When investigating the molecular and biological changes that take place in space, models such as rodents, worms and yeasts are often used to study the effects and consequences of long-duration spaceflights to understand how microgravity affects humans in space. However, OHIO’s Nate Szewczyk, Ph.D., and several other researchers from around the world have published a paper proposing a program for the European Space Agency that could potentially revolutionize space medicine by routinely collecting biological samples from astronauts. for use with advanced technologies to understand the effects on their genes, mRNA, proteins and metabolites (commonly referred to as “omics” technologies).
The article, entitled “Routine omics collection is a golden opportunity for European human research in space and analog environment”, published in the journal Patterns, describes how omics profiling is being prepared to transform space medicine and improve occupational health care for astronauts. The paper’s authors expect that omics profiling will improve astronaut health and reduce the risks associated with spaceflight, which could boost mission success in more ambitious endeavors such as travel to Mars. In the paper, the group of researchers goes on to highlight the joint steps to be taken to design a standardized data source that can be used for years to come as data and science evolves.
“We lobbied for a routine omics collection program to become part of the standard measure for astronauts in the European Space Agency,” Szewczyk said. “By recovering and analyzing this data, we have the opportunity to further explore best practices in personalized medicine for the individuals sent into space.”
A twin study was conducted by NASA, in which the organization did molecular profiling of one person, which showed that it is possible to use large-scale data approaches to understand the health of astronauts. In the NASA study, they measured how fit the astronaut was before flight, during flight and after flight to collect their health information and how it may fluctuate in space. After being able to analyze and see the usefulness of this big data set, NASA decided to make it a standard approach in the future.
“We’ve benefited from NASA making this standard practice because we think it’s something other space agencies need to address to ensure they find the best approach to their astronaut’s health in space,” Szewczyk added. up.

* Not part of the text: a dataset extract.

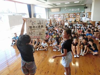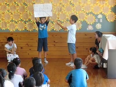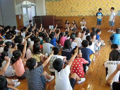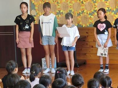 今日の朝の活動は、放送委員会による集会活動でした。歌詞の一部が書いてある紙を使って朗読し、その曲名を当てるというクイズです。正解が出ると曲が流れ、みんなで歌いだすという、素敵な集会でした。

One of Szewczyk’s colleagues, Brian Clark, Ph.D., who directs the Ohio Musculoskeletal and Neurological Institute (OMNI) at OHIO, noted, “It’s an exciting time for the field of astrobiology. For decades, we’ve known that spaceflight has significant pose risks to human health and that the physiological effects of long-duration spaceflight vary greatly from person to person.If you look at ten people who spend six months on the International Space Station, you see dramatically different reactions between people in things like the amount of muscle and bone loss they experience. Some experience a staggering amount of loss, while others do significantly better. The advent of omics technologies is clearly our best bet to understand what drives this variability and really advance personalized space medicine. knowledge that can be gained from these kinds of studies extends far beyond the The limits of space and has implications for traditional medicine, such as understanding the impact of long-term non-use that occurs after injury, reconstructive surgery, and disease. It’s great to see this call to action and we are extremely proud of Nate’s stature and influence in the space medicine field.”
The team that co-authored the paper consists of scientists, including Szewczyk, whose work focuses on space omics. They need to look at how NASA made the decision to take an omics approach to understanding the molecular and biological impact of astronauts in space and whether this measure is also something the European Space Agency should follow.
In addition to identifying whether this practice is beneficial to other space agencies, what types of data to collect, what sampling methods to use, and at what times, they are also looking at what can be measured with multi-omics approaches, such as the astronaut genome and which genes are expressed, which metabolites are present, are there changes in proteins and more.
“Thanks to innovations in science, instead of measuring models and translating that data to humans, we are now able to measure humans and look at an individual’s genome and predict whether their genome is at risk for cancer or diabetes. , or that a specific drug or may not work on them based on their genome,” Szewczyk said. “This is an opportunity to take the same modern molecular medicine approaches and use them on astronauts to identify potential health risks. It makes more sense than using models and a real opportunity for all space agencies to know and say that the astronauts they send into space are and will be safe.”
The team of researchers not only provides insight into how routine omics collection can improve astronaut health, but also assesses ethical and legal considerations relevant to omics data from European astronauts and spaceflight participants, with the aim of creating a policy landscape in which data as open as possible to maximize scientific potential, but as closed as necessary to protect data subjects.
Szewczyk is an Osteopathic Heritage Foundation Ralph S. Licklider, DO Endowed Professor of Molecular Medicine and Principal Investigator of the Ohio Musculoskeletal and Neurological Institute in the Heritage College of Osteopathic Medicine. He has previously flown worms into space, analyzed what changed in them in space, and compared gene expressions in space to rodents and astronauts, looking for similarities in change, such as proteins that enable muscles to function and proteins that enable cells to function. to produce energy. He is currently following up the findings from these previous flights for two new studies that will fly to the International Space Station in the coming years.